Exercise. Once you reach the line with "كلاهما (مالك بن" below, copy each line exactly, stopping after the line with "200kS / s (200", and skip any pictures.

Data supplied.
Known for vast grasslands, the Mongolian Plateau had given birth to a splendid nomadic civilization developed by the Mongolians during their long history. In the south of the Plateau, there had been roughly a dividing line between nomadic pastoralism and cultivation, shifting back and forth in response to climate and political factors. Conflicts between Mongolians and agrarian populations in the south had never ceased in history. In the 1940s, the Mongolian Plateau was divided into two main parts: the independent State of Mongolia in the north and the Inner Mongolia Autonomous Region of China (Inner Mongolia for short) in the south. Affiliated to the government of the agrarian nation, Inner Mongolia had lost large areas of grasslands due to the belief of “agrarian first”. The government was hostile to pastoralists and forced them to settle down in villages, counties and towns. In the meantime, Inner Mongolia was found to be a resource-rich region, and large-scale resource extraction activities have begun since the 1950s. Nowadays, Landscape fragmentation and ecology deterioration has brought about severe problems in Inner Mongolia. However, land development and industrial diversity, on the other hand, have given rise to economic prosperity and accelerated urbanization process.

==

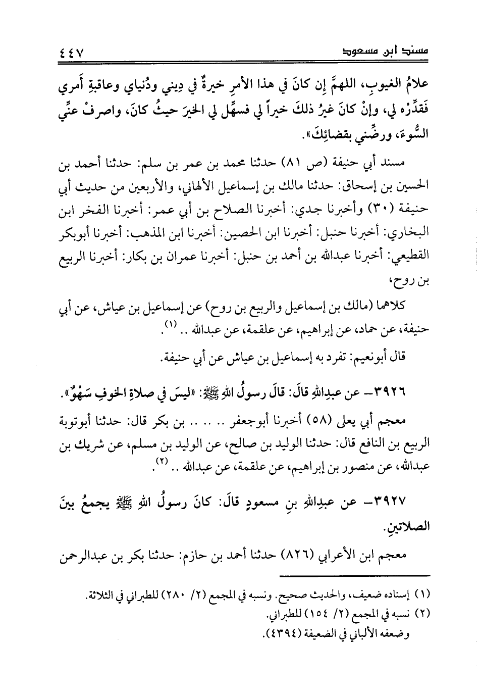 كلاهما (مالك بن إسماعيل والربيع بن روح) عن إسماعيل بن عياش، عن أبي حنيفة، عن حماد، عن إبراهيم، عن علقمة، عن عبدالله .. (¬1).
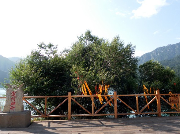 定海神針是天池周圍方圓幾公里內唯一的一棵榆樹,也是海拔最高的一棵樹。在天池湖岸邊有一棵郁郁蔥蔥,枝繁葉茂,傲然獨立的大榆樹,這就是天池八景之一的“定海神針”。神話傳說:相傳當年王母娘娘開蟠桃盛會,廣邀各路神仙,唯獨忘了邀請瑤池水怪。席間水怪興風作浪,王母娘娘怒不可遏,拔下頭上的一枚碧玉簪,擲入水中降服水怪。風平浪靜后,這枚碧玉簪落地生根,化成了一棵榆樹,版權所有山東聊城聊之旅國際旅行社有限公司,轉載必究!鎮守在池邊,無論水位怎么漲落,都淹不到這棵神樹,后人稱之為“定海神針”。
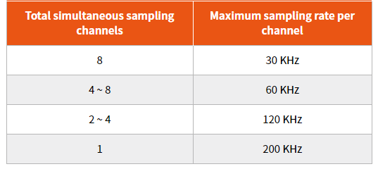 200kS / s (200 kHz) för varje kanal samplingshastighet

--

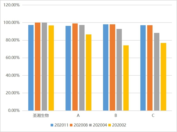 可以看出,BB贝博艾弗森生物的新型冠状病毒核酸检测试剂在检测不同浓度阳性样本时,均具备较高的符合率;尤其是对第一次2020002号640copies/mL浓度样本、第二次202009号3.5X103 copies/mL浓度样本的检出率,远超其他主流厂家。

Solved problem.
 كلاهما (مالك بن إسماعيل والربيع بن روح) عن إسماعيل بن عياش، عن أبي حنيفة، عن حماد، عن إبراهيم، عن علقمة، عن عبدالله .. (¬1).
 定海神針是天池周圍方圓幾公里內唯一的一棵榆樹,也是海拔最高的一棵樹。在天池湖岸邊有一棵郁郁蔥蔥,枝繁葉茂,傲然獨立的大榆樹,這就是天池八景之一的“定海神針”。神話傳說:相傳當年王母娘娘開蟠桃盛會,廣邀各路神仙,唯獨忘了邀請瑤池水怪。席間水怪興風作浪,王母娘娘怒不可遏,拔下頭上的一枚碧玉簪,擲入水中降服水怪。風平浪靜后,這枚碧玉簪落地生根,化成了一棵榆樹,版權所有山東聊城聊之旅國際旅行社有限公司,轉載必究!鎮守在池邊,無論水位怎么漲落,都淹不到這棵神樹,后人稱之為“定海神針”。
 200kS / s (200 kHz) för varje kanal samplingshastighet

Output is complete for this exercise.